### Given material ###

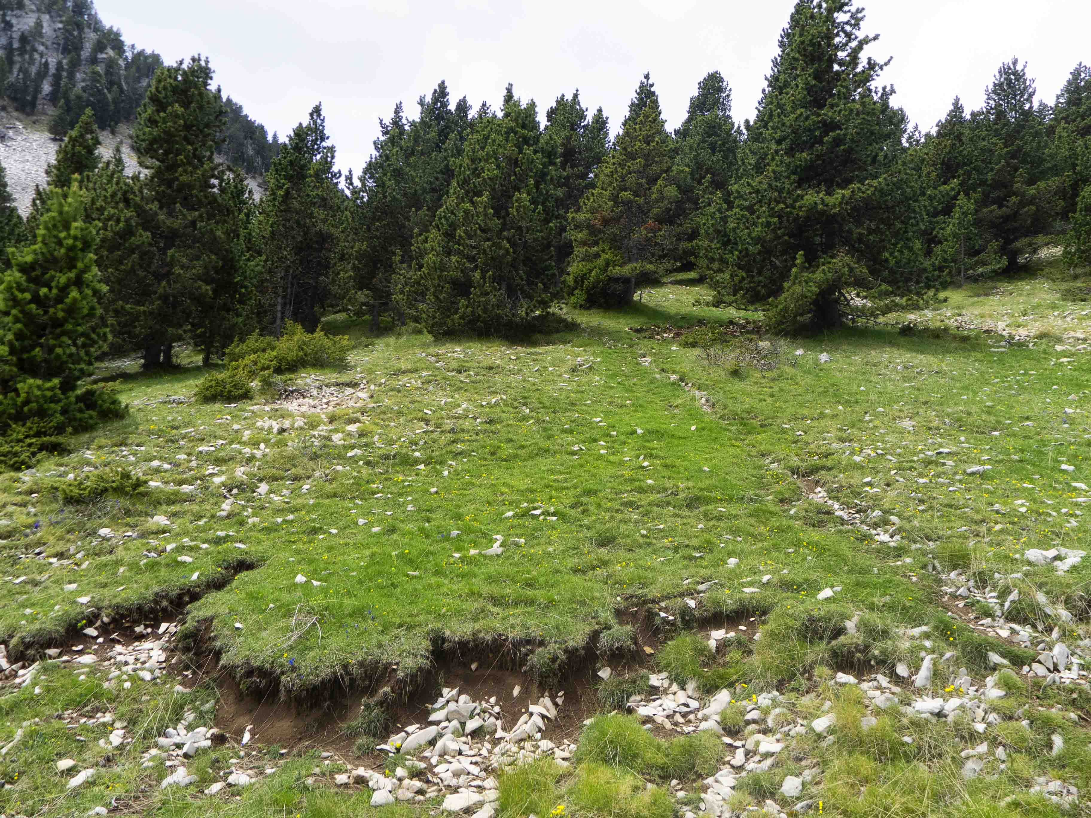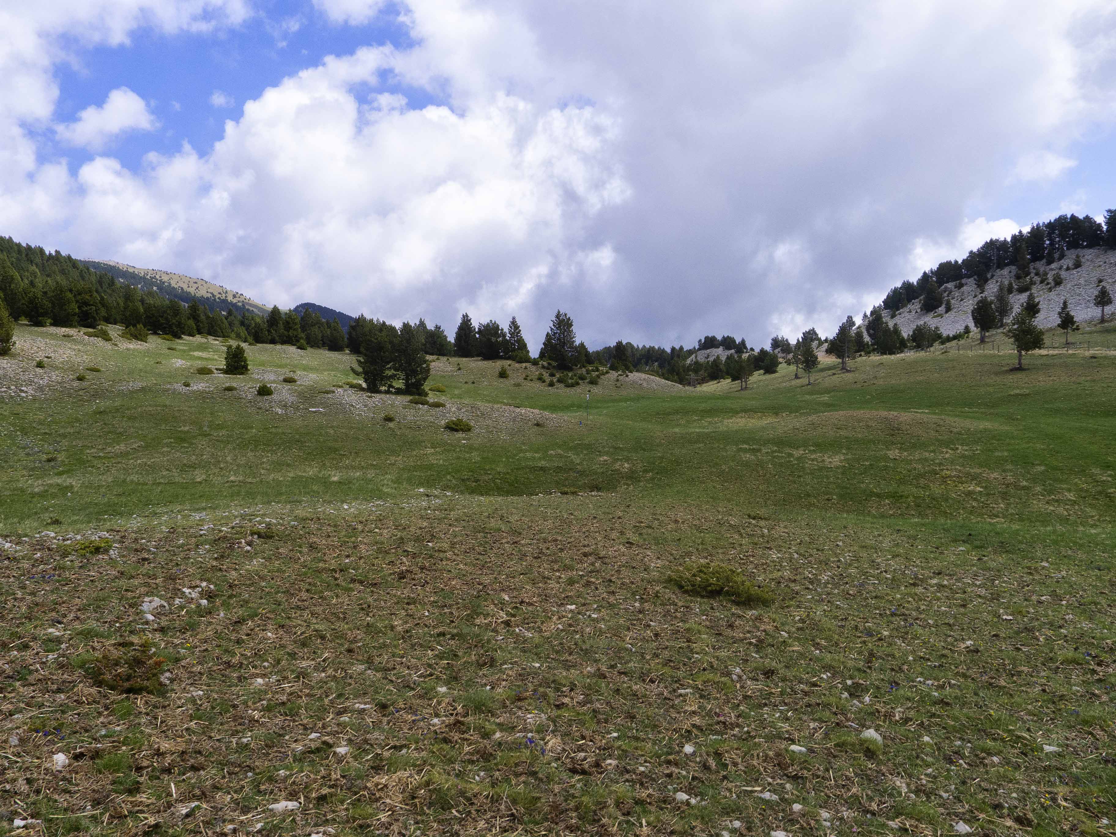 Una vez en los mismos, avanzamos hacia el frente, hacia la colina que vemos delante y que forma la loma este de la Tossa Pelada.
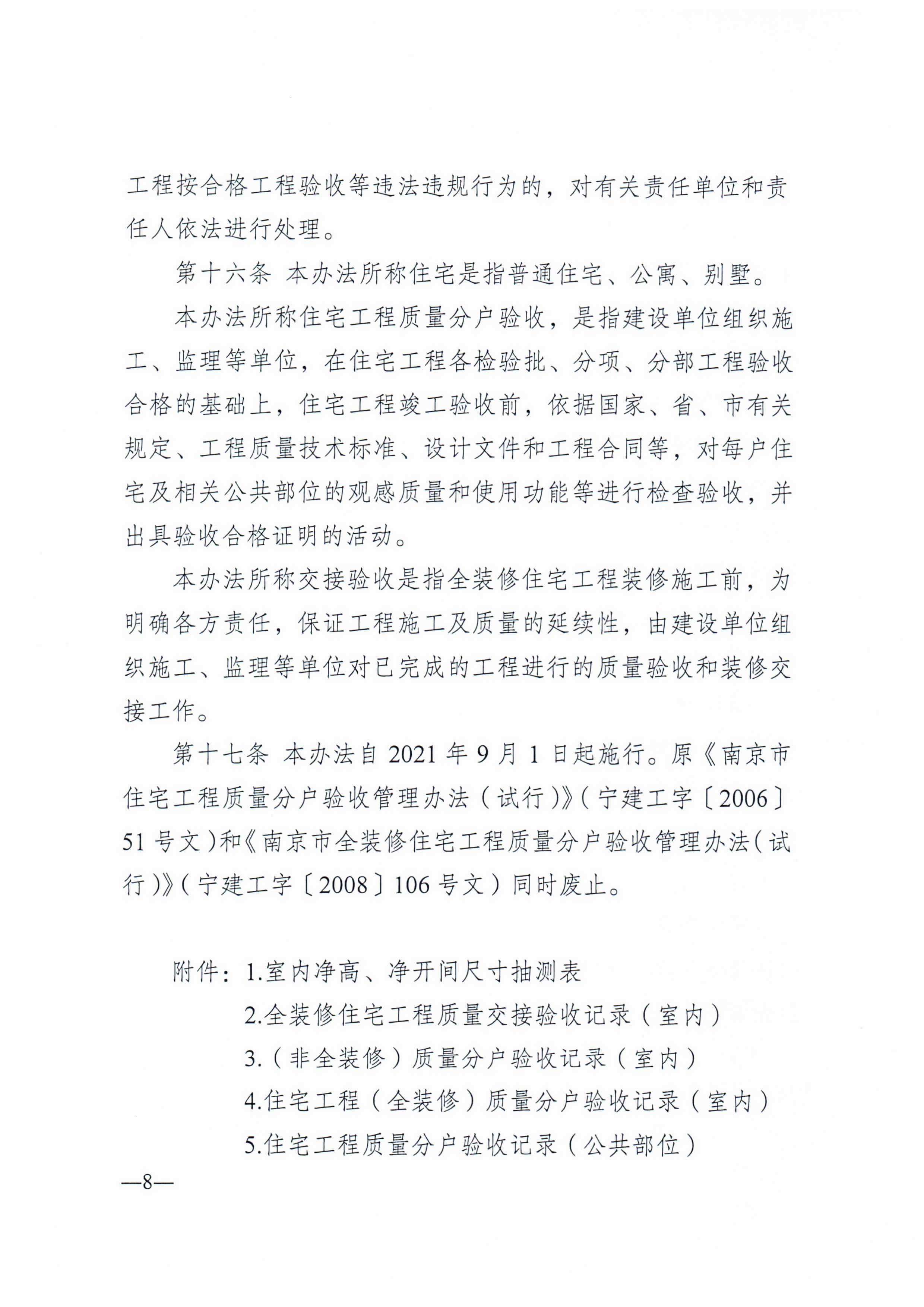 | 信息名称: | 南京市住宅工程质量分户验收管理办法 | ||
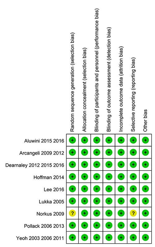 Each of the nine RCTs with 5969 patients that were included in this meta-analysis underwent quality evaluation based on the Handbook of Cochrane for Systematic Reviews of Interventions: “random” was mentioned in all the studies, all the RCTs reported the basic features of patients, and approaches of allocation concealment were reported in all the trails. However, one of the studies did not describe the method of randomized sequence generation and their reasons for incomplete outcome data was interpreted as selective report bias [16–18]. The qualities of the assessed trials in the meta-analysis are shown in Figure 2.

###

** What needs to be done **
Leave out the pictures and repeat exactly the lines from the first line of the data through the line containing "南京市住宅工程质量分户验收管理办法 | ||". Add nothing else.

** Solved problem **
 Una vez en los mismos, avanzamos hacia el frente, hacia la colina que vemos delante y que forma la loma este de la Tossa Pelada.
 | 信息名称: | 南京市住宅工程质量分户验收管理办法 | ||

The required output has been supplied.